--- Information supplied Enclosed Below ---
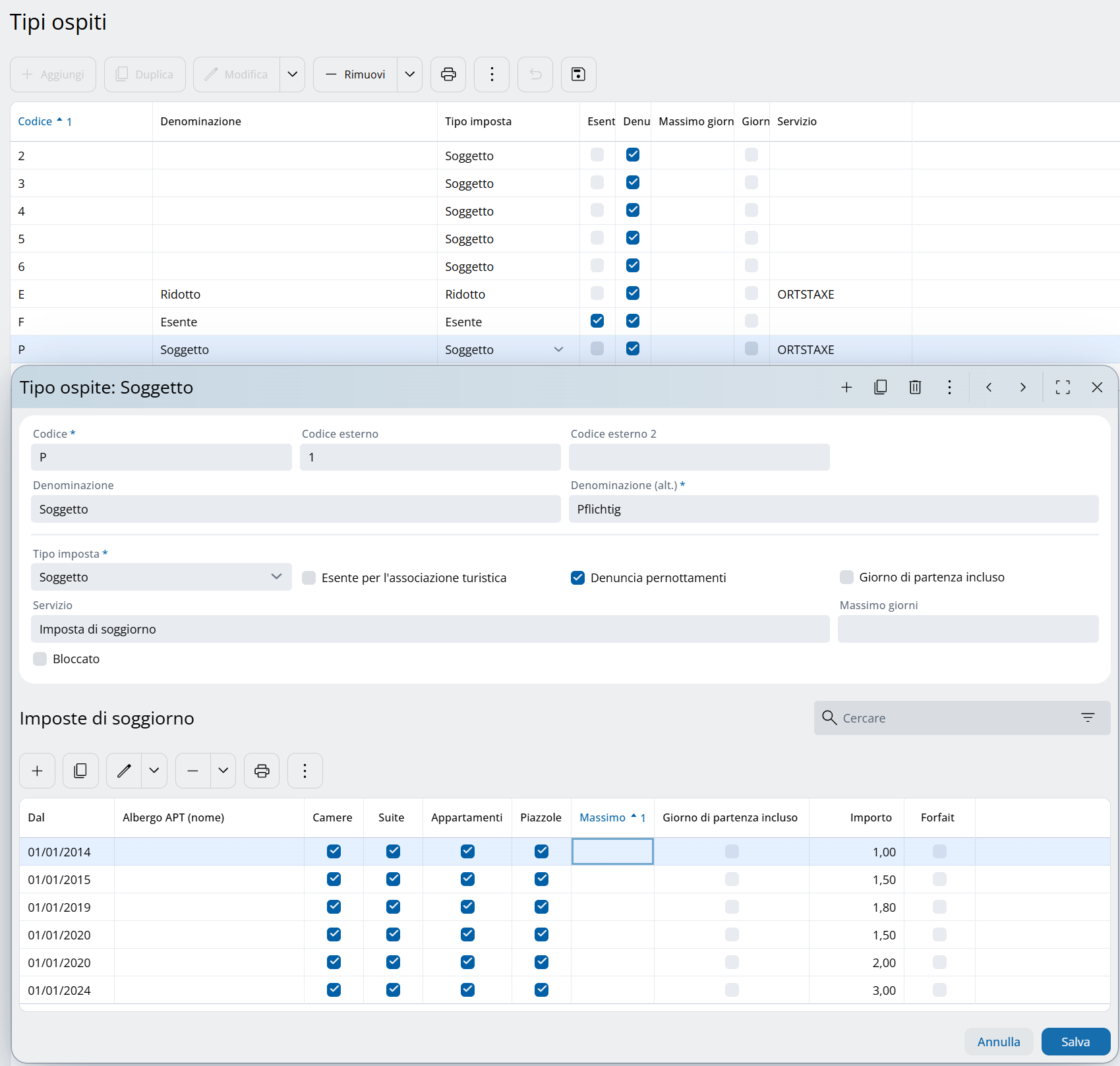 La validità delle tariffe è controllata dalla data in "Dal", per cui una voce è obsoleta dal momento in cui è disponibile una voce più recente per il rispettivo periodo di soggiorno. In parole povere, il software esamina sempre la voce più recente in questione.
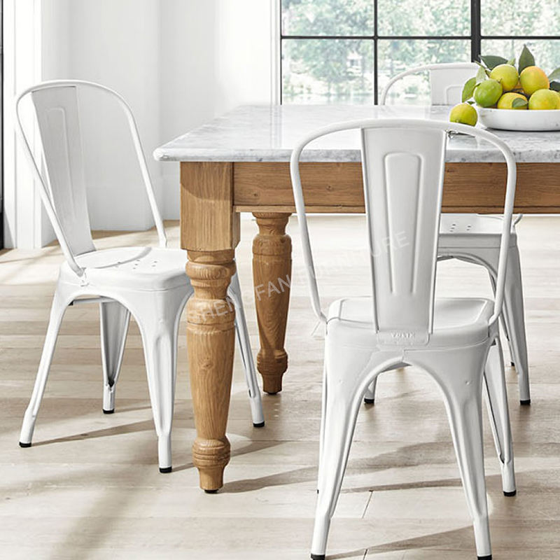 Chaises de café en acier noir empilables en gros, chaises de pub, chaises de salle à manger en aluminium pour hôtels, chaises Tolix pour restaurants
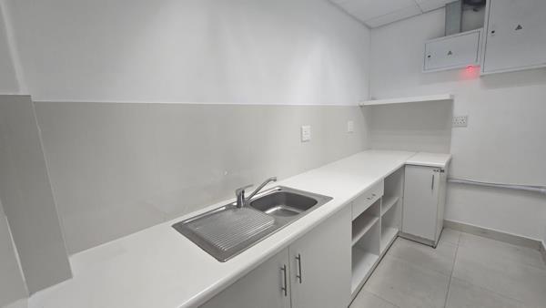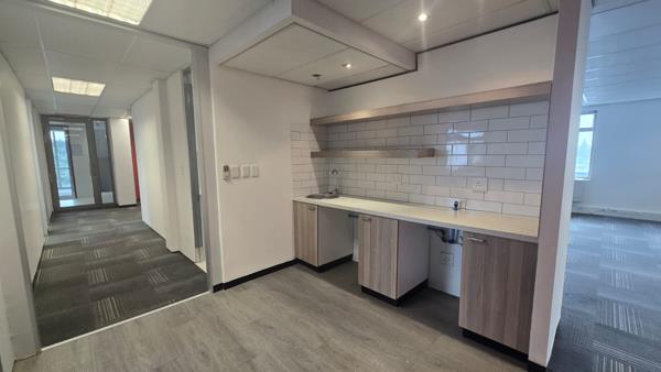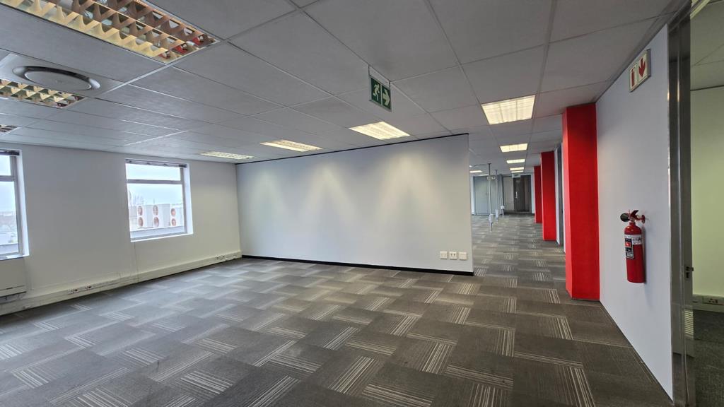 The 597m2 office, located on the second floor, presents a versatile and functional layout designed to accommodate a variety of business needs. It features two wings connected by a central foyer with a small meeting room. The right wing offers two large open-plan areas, a storeroom, multiple closed offices of varying sizes one with access to a private balcony, and two kitchenettes one creating a modern serving area. The left wing includes male and female bathrooms, three spacious boardrooms, three smaller offices, an open-plan workspace, and a balcony complete with a built-in braai a standout feature perfect for team gatherings. The right wing offers two large open-plan areas, a storeroom, multiple closed offices of varying sizes one with access to a private balcony, and a kitchenette with a comfortable relaxation space for staff.
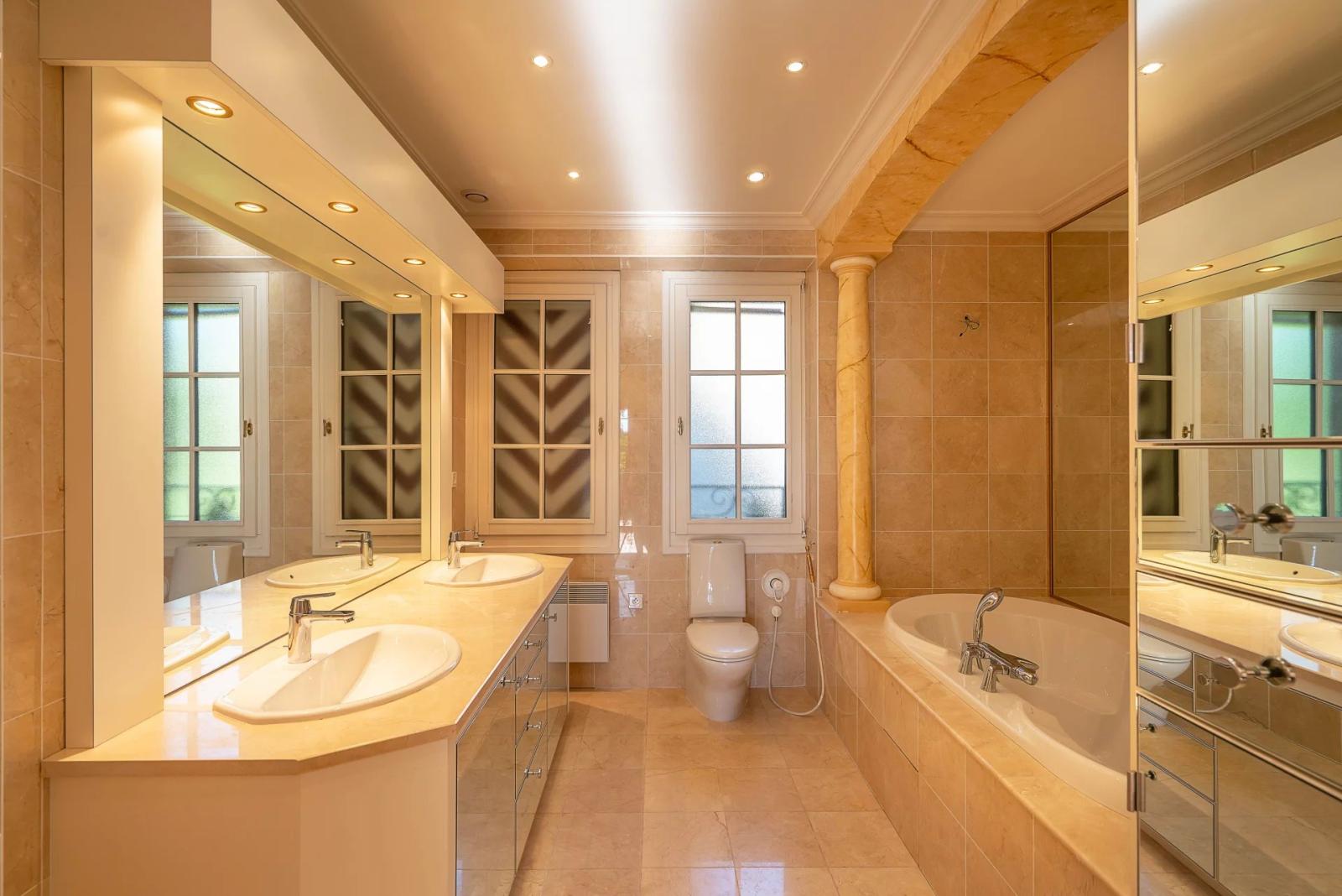 Il comprend une salle à manger, un salon chaleureux avec cheminée, ainsi qu’une suite parentale orientée sud, dotée d’un dressing et d’une salle de bains en marbre avec baignoire, douche et balcon donnant sur un jardin d'exception.
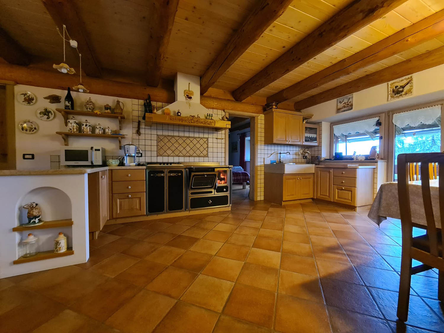 FEATURES: The cabin, converted from an old barn from the early 1900s, is the result of a recent renovation. It develops on the first floor and is attached to a flat, fenced garden, equipped with deckchairs and a barbecue area. On the ground floor there is another residential unit. The cabin is equipped with a large brick and marble kitchenette, with gas hob, wood-burning oven, fridge with freezer and dishwasher, a storage room and a washing machine. The main bedroom has a double bed and a balcony overlooking the mountains, while the second bedroom has two single beds. The bathroom is equipped with toilet, bidet, sink with mirror and shower. In the living area there is a wood stove with a small glass, with heating function and hob. Alternatively, it is possible to use independent heating, with radiators controlled by a thermostat in each room. Next to the garden there is a private car park. Included in the price are kitchen equipment, crockery, bedroom and bathroom linen, wood for the stove and hiking maps of the area.
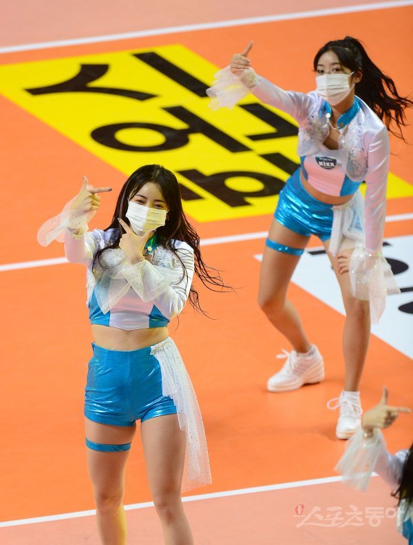 15일 서울 장충체육관에서 열린 ‘2022~2023 도드람 V-리그’ 여자부 GS칼텍스와 KGC인삼공사 경기에서 치어리더가 공연을 펼치고 있다.
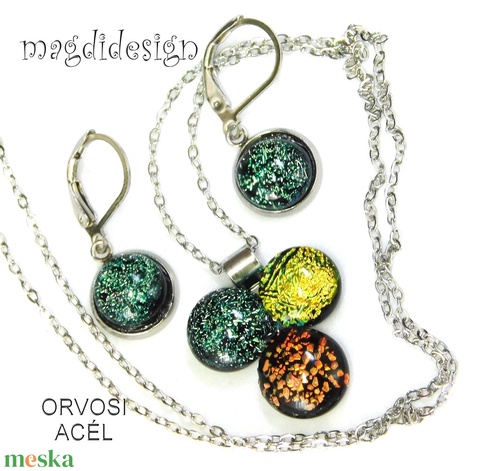 Aranyló dichroic bogyós színtrió üvegékszer szett nyaklánc kapcsos fülbevaló
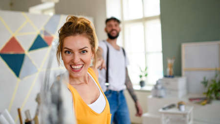 Couple having fun when painting wall indoors at home, relocation and diy concept.
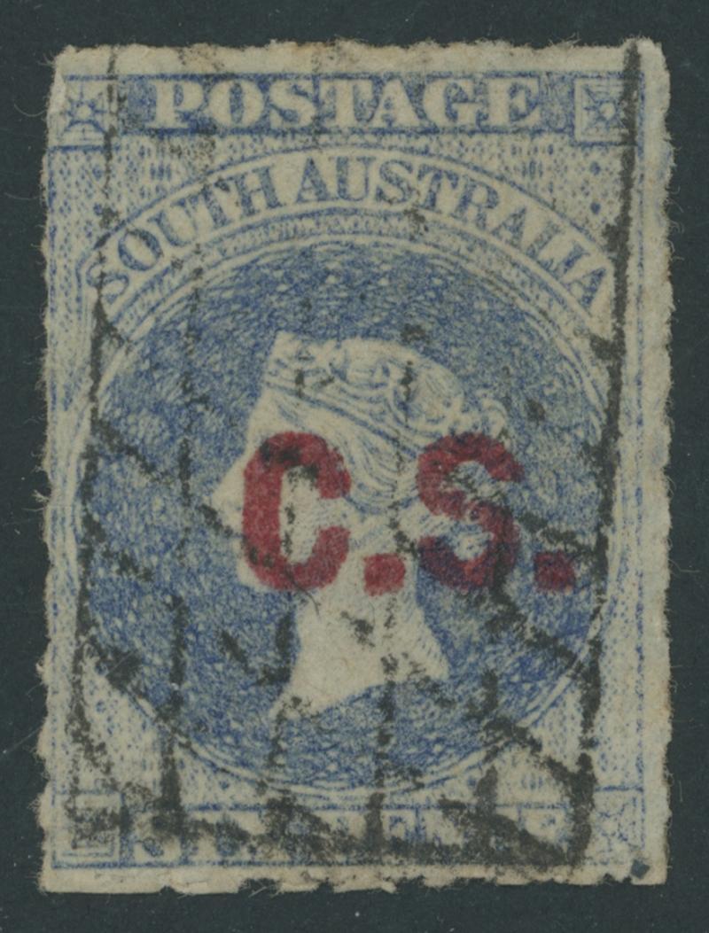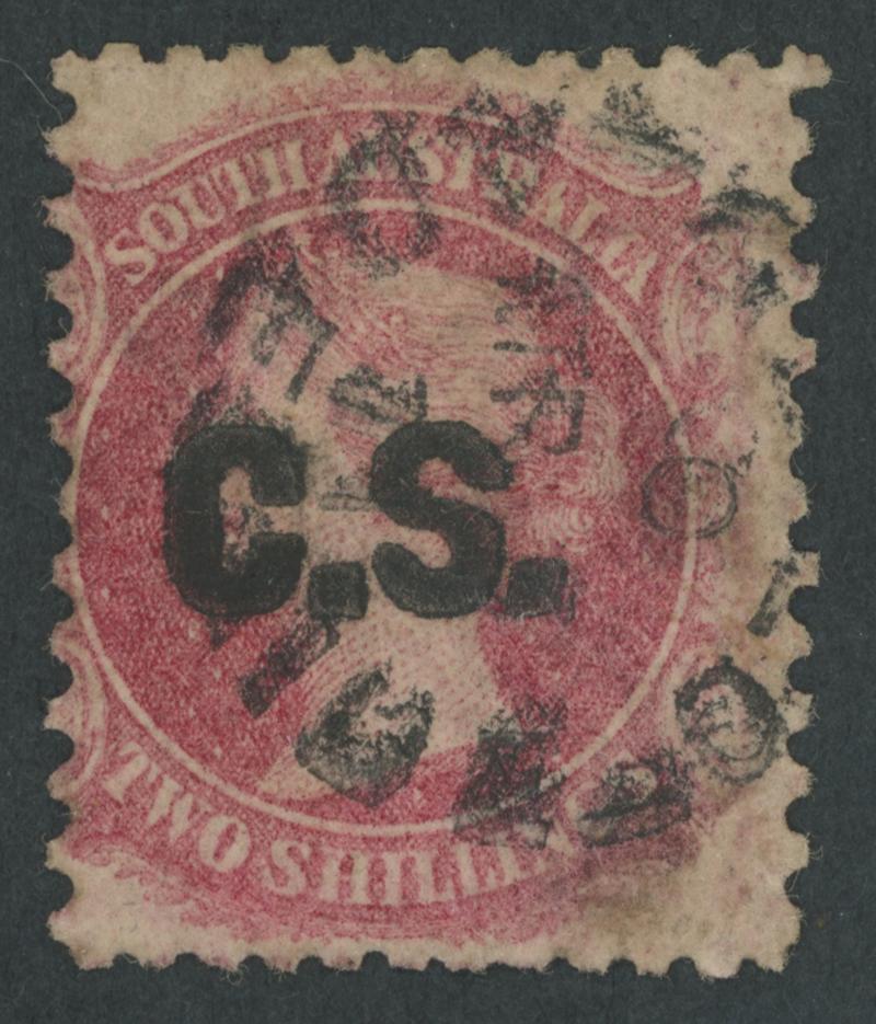BLUE OVERPRINT: 'C.S.' on QV De La Rue Crown/SA Wmk Rouletted 2d red-orange SG DO142, rouletting clear of the design on all sides, GPO cds of 'MY10/70', Cat £200. Underrated at S: unrecorded unused. More attractive than Don Pearce's superb example that sold for $227 (Sale 247 Lot 96). [Date range 10.5.1870 to 24.3.1873] (Image1)
--- End of Enclosed Information supplied ---
▶ [Problem to solve] Set down exactly the lines of the entries above from the one holding "Couple having fun" through the last one, including both, with the pictures left out.

▶ [Result]
 Couple having fun when painting wall indoors at home, relocation and diy concept.
BLUE OVERPRINT: 'C.S.' on QV De La Rue Crown/SA Wmk Rouletted 2d red-orange SG DO142, rouletting clear of the design on all sides, GPO cds of 'MY10/70', Cat £200. Underrated at S: unrecorded unused. More attractive than Don Pearce's superb example that sold for $227 (Sale 247 Lot 96). [Date range 10.5.1870 to 24.3.1873] (Image1)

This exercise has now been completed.